WORK REQUIRED: Each line between the one holding "Конструкция охватывает транспортный" and the end of the material below, both included, is to be transcribed word for word, with pictures left out.
** Opening DATA SECTION block **
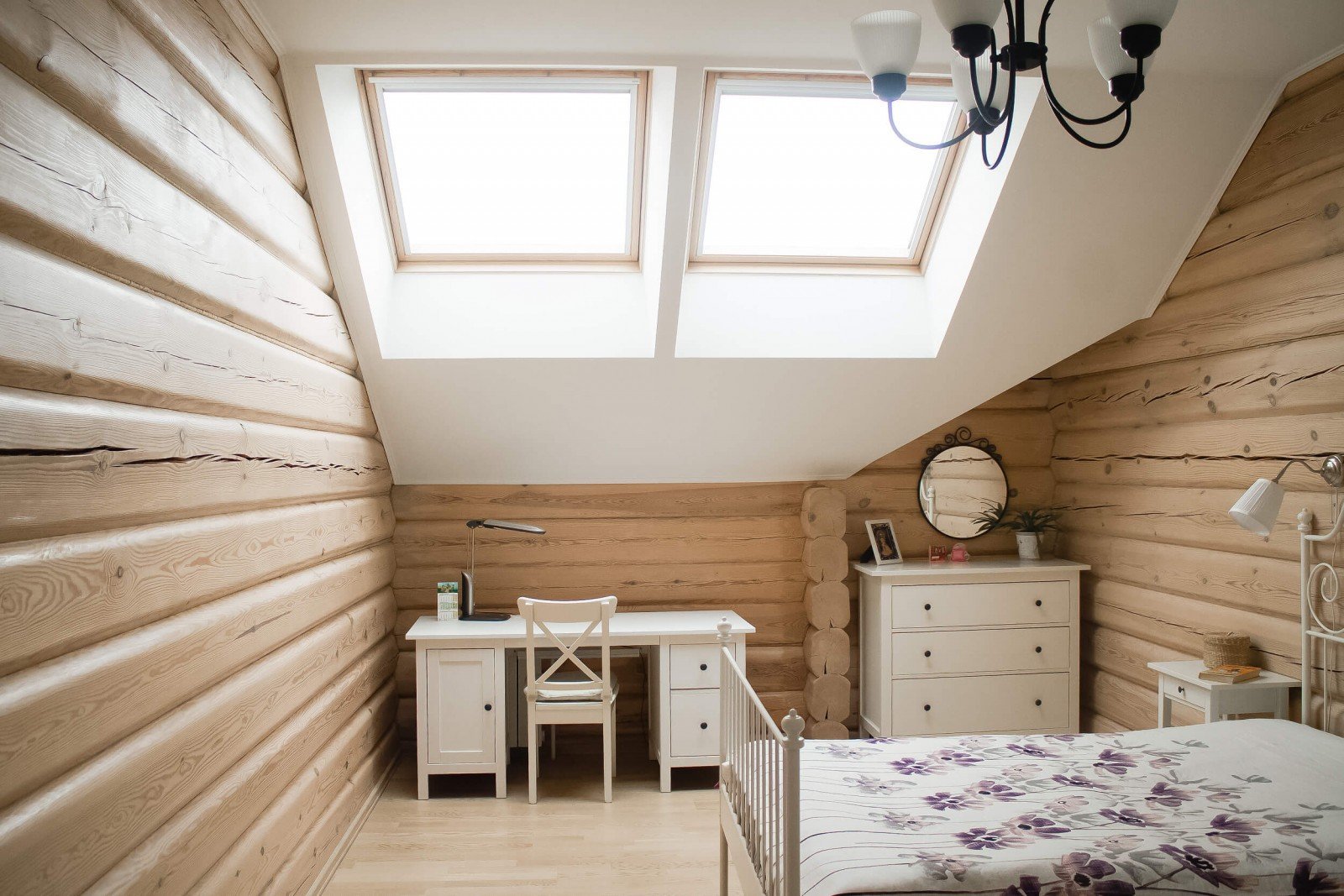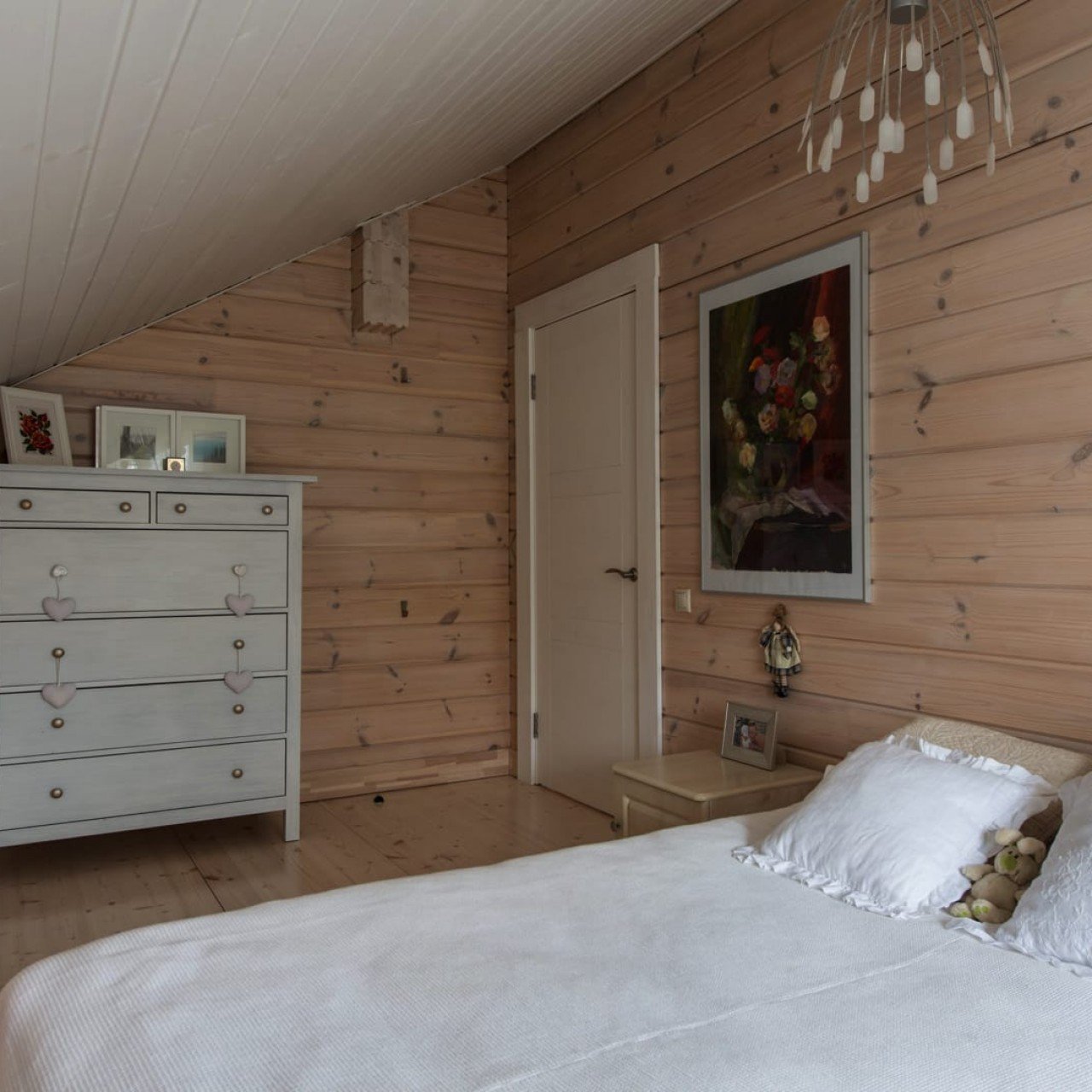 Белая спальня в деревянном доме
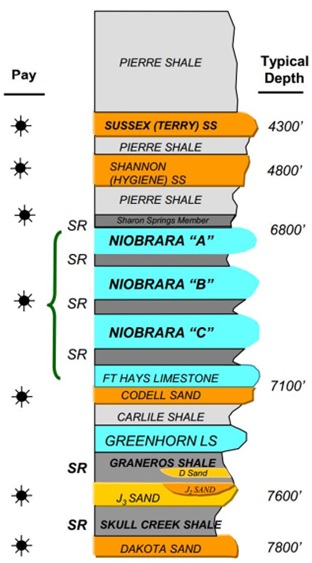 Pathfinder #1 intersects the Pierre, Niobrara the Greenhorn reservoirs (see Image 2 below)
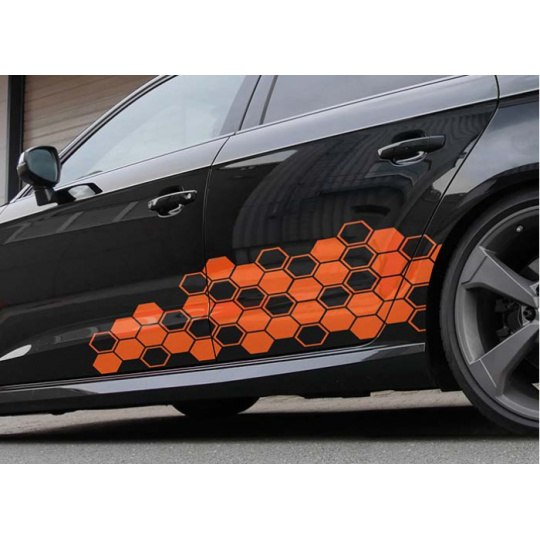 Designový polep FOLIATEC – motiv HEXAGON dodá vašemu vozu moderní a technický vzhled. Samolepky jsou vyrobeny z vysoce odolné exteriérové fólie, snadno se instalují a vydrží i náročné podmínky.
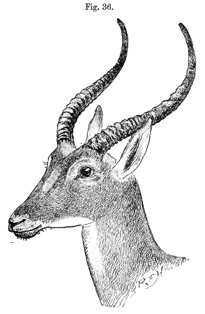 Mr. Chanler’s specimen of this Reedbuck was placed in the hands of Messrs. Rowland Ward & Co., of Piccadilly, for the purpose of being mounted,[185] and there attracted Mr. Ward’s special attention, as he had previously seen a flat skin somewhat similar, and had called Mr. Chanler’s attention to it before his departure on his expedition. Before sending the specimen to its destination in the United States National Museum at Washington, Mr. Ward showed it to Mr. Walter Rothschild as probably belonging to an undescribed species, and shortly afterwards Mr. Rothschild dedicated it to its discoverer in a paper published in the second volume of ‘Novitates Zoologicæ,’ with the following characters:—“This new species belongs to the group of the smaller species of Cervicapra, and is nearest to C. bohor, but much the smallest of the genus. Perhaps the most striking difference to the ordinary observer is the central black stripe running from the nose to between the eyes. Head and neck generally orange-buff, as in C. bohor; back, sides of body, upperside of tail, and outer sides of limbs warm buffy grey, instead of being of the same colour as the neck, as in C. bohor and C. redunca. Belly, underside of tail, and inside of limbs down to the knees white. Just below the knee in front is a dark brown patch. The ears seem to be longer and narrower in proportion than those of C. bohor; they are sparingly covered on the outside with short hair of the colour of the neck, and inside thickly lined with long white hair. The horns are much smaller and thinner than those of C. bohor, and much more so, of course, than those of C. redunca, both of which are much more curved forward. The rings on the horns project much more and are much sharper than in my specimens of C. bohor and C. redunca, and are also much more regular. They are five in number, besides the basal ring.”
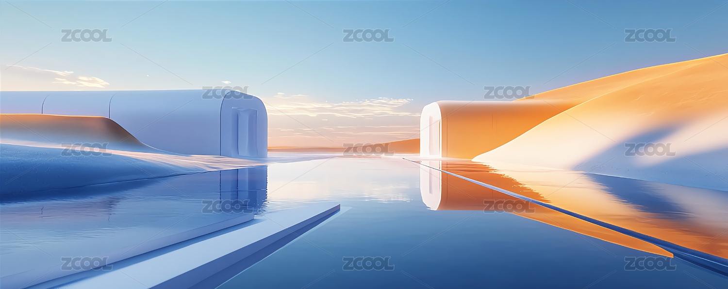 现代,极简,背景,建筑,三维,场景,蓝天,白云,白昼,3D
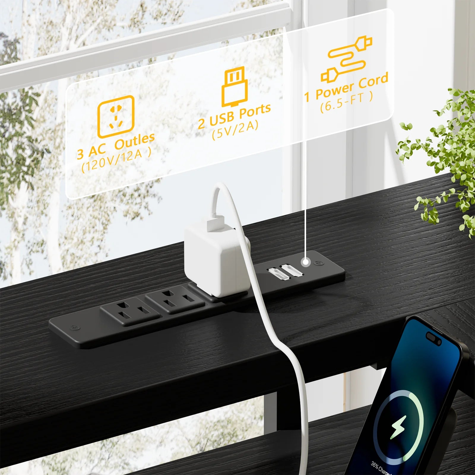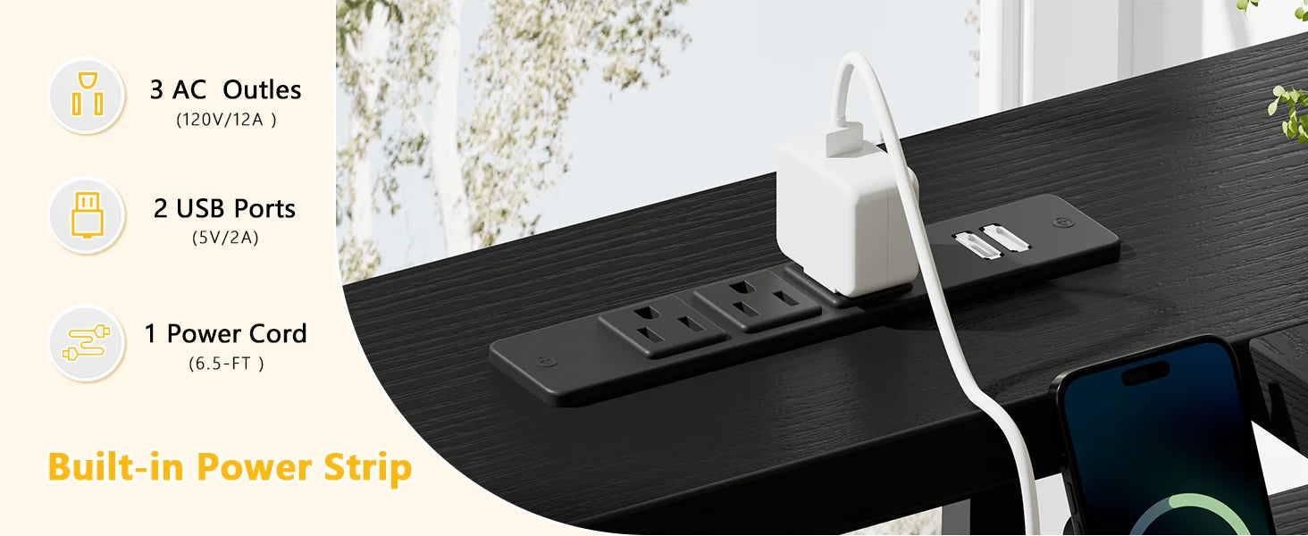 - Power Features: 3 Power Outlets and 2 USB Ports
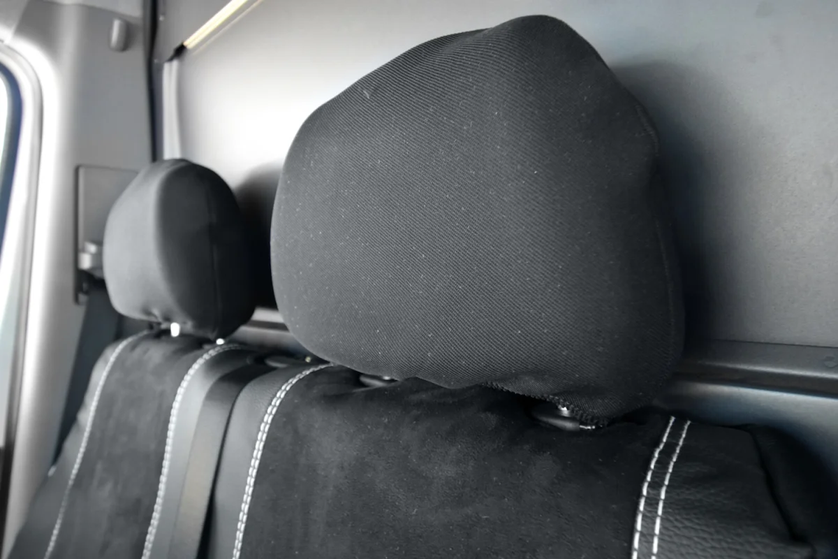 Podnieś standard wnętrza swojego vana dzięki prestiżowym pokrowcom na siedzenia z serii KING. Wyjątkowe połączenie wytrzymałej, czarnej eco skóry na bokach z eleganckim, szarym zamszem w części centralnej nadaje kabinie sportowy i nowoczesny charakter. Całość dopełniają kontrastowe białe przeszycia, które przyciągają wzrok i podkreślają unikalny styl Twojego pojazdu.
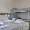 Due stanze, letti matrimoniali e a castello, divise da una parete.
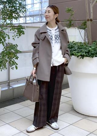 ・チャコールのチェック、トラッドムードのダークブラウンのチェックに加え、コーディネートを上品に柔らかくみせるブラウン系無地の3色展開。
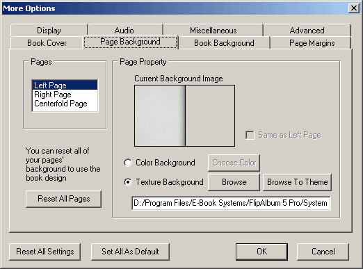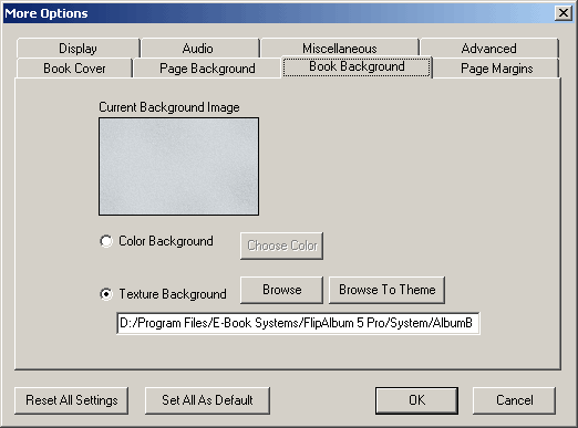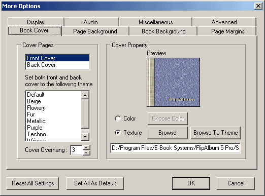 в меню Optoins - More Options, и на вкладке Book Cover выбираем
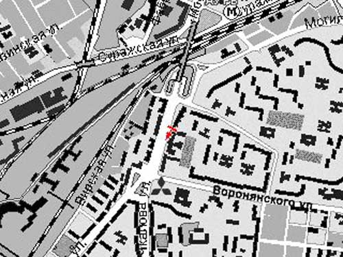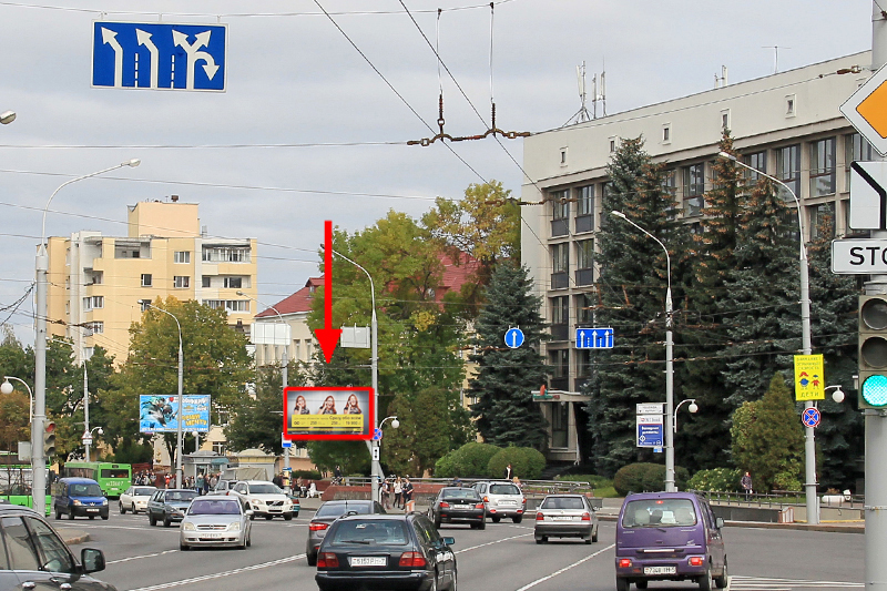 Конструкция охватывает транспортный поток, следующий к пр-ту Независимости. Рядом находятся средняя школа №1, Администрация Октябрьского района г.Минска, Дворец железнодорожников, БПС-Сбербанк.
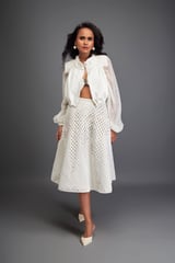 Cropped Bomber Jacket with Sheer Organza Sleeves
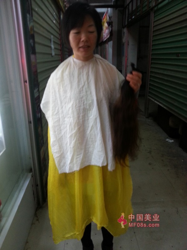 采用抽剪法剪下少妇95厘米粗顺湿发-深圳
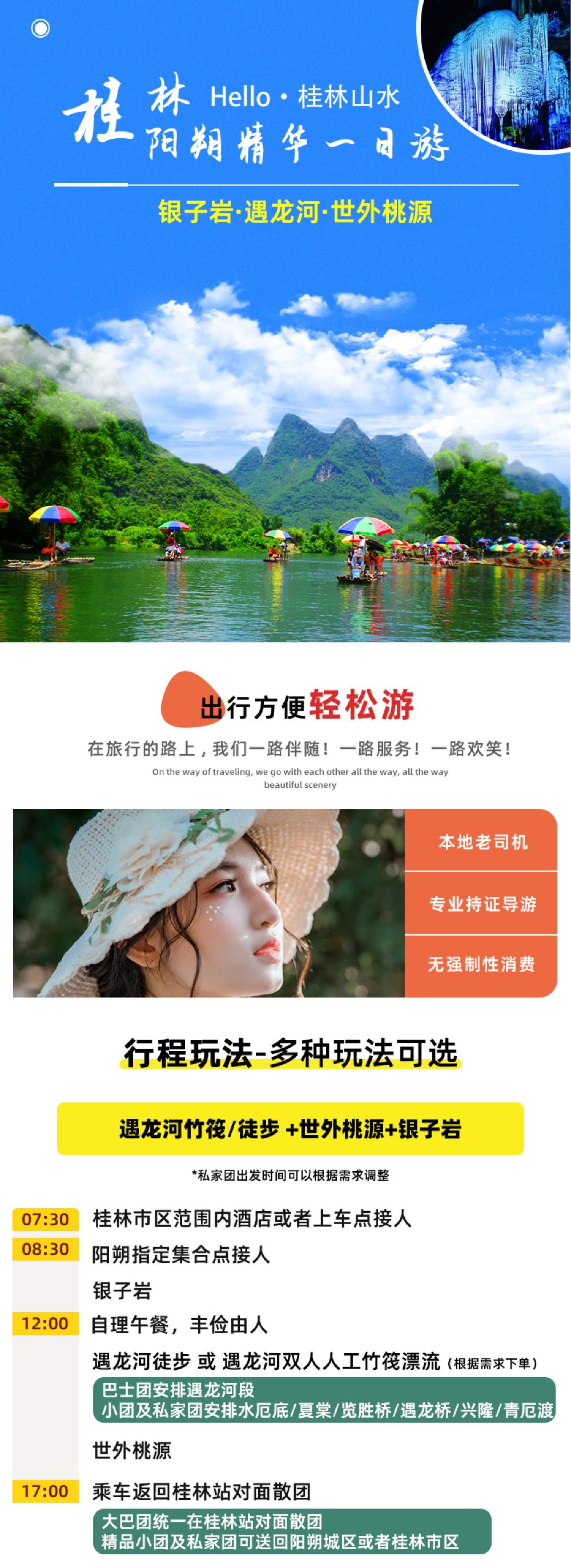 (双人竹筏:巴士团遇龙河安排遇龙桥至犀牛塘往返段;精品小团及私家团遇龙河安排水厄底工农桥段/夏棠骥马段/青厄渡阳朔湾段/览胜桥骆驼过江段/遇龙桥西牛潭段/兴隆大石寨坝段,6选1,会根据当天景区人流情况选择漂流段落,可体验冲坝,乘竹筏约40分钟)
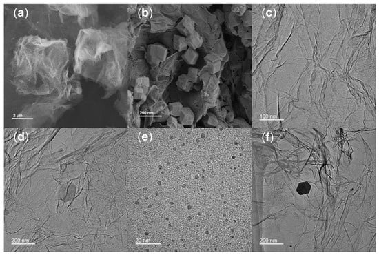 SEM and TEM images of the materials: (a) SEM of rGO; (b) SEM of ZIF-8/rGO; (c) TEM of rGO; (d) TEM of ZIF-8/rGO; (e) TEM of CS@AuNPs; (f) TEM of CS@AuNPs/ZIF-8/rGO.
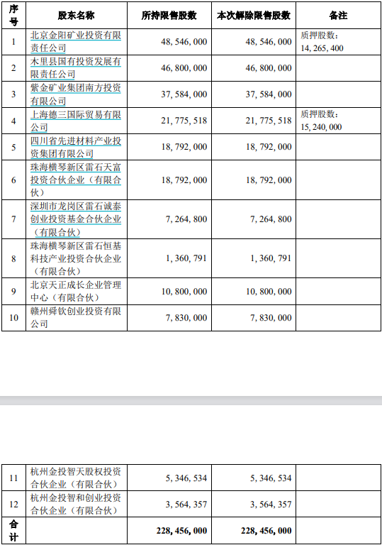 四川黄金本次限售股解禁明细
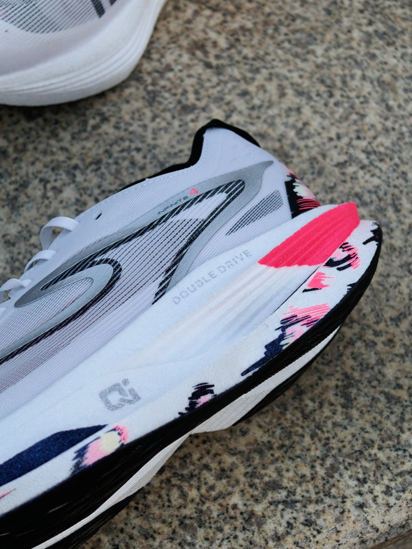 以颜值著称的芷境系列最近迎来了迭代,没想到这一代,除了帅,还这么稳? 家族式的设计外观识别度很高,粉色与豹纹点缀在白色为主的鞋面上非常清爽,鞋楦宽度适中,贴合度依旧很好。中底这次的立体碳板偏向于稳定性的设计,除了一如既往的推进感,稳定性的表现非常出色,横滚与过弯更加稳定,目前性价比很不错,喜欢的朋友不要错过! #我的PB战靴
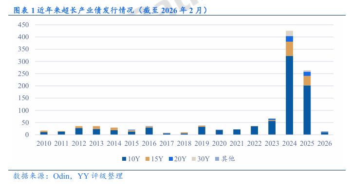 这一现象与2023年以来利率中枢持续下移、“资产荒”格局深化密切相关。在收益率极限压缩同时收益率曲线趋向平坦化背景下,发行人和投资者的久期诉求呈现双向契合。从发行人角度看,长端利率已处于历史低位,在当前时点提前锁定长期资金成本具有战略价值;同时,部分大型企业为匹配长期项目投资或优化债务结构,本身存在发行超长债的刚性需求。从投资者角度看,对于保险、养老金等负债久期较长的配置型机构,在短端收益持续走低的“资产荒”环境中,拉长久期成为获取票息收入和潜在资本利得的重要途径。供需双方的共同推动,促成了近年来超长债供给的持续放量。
** Closing DATA SECTION block **
RESPONSE:
 Конструкция охватывает транспортный поток, следующий к пр-ту Независимости. Рядом находятся средняя школа №1, Администрация Октябрьского района г.Минска, Дворец железнодорожников, БПС-Сбербанк.
 Cropped Bomber Jacket with Sheer Organza Sleeves
 采用抽剪法剪下少妇95厘米粗顺湿发-深圳
 (双人竹筏:巴士团遇龙河安排遇龙桥至犀牛塘往返段;精品小团及私家团遇龙河安排水厄底工农桥段/夏棠骥马段/青厄渡阳朔湾段/览胜桥骆驼过江段/遇龙桥西牛潭段/兴隆大石寨坝段,6选1,会根据当天景区人流情况选择漂流段落,可体验冲坝,乘竹筏约40分钟)
 SEM and TEM images of the materials: (a) SEM of rGO; (b) SEM of ZIF-8/rGO; (c) TEM of rGO; (d) TEM of ZIF-8/rGO; (e) TEM of CS@AuNPs; (f) TEM of CS@AuNPs/ZIF-8/rGO.
 四川黄金本次限售股解禁明细
 以颜值著称的芷境系列最近迎来了迭代,没想到这一代,除了帅,还这么稳? 家族式的设计外观识别度很高,粉色与豹纹点缀在白色为主的鞋面上非常清爽,鞋楦宽度适中,贴合度依旧很好。中底这次的立体碳板偏向于稳定性的设计,除了一如既往的推进感,稳定性的表现非常出色,横滚与过弯更加稳定,目前性价比很不错,喜欢的朋友不要错过! #我的PB战靴
 这一现象与2023年以来利率中枢持续下移、“资产荒”格局深化密切相关。在收益率极限压缩同时收益率曲线趋向平坦化背景下,发行人和投资者的久期诉求呈现双向契合。从发行人角度看,长端利率已处于历史低位,在当前时点提前锁定长期资金成本具有战略价值;同时,部分大型企业为匹配长期项目投资或优化债务结构,本身存在发行超长债的刚性需求。从投资者角度看,对于保险、养老金等负债久期较长的配置型机构,在短端收益持续走低的“资产荒”环境中,拉长久期成为获取票息收入和潜在资本利得的重要途径。供需双方的共同推动,促成了近年来超长债供给的持续放量。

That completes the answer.